-- Exercise material follows --

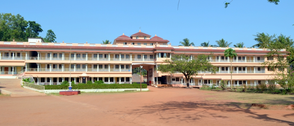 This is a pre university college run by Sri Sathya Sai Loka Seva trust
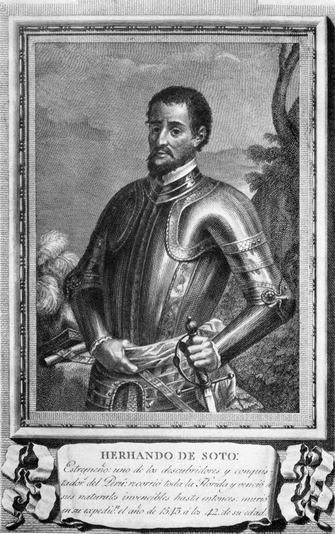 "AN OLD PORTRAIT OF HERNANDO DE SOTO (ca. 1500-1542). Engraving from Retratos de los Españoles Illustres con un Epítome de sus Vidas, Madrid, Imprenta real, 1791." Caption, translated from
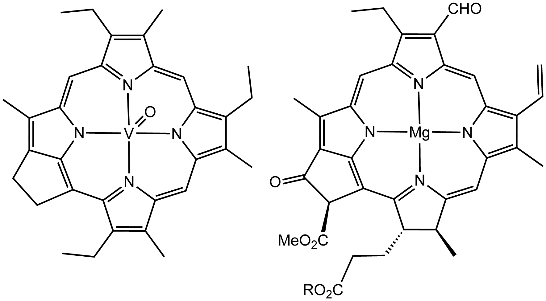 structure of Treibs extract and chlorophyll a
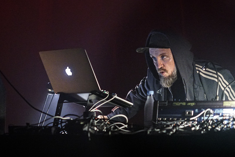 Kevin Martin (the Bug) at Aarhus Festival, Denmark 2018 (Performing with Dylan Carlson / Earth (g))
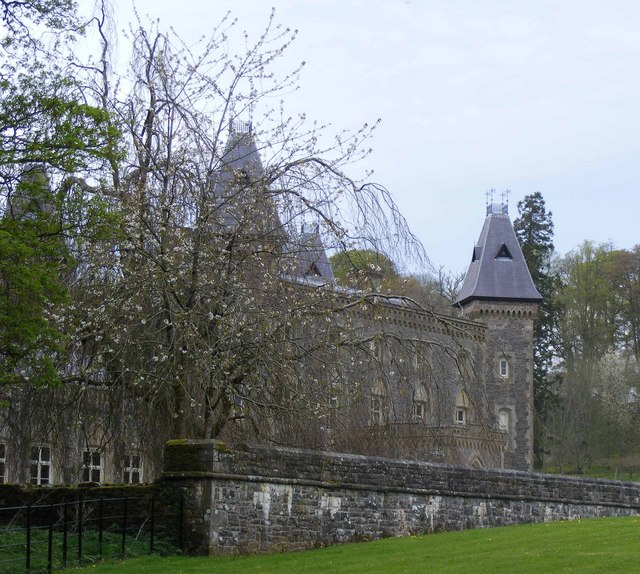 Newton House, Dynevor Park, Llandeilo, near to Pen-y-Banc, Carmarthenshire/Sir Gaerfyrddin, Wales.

-- Exercise material concluded --
-- Exercise material follows --

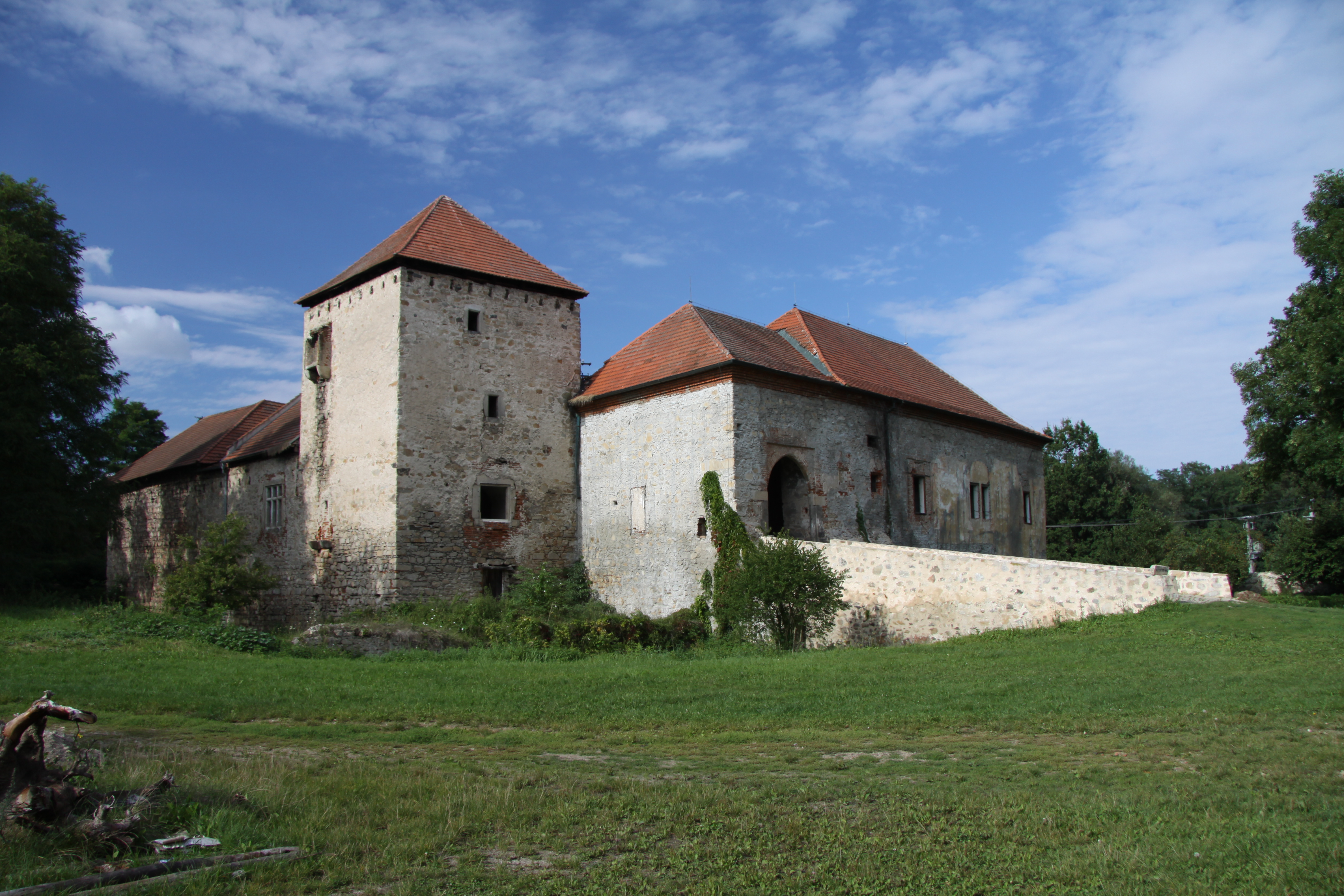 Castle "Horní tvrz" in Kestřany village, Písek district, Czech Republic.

-- Exercise material concluded --

Action item ▸ Once the line with "Kevin Martin (the" is found above, print it and every line after it through the line with "Newton House, Dynevor", exactly. Pictures stay out.

Exercise output ▸
 Kevin Martin (the Bug) at Aarhus Festival, Denmark 2018 (Performing with Dylan Carlson / Earth (g))
 Newton House, Dynevor Park, Llandeilo, near to Pen-y-Banc, Carmarthenshire/Sir Gaerfyrddin, Wales.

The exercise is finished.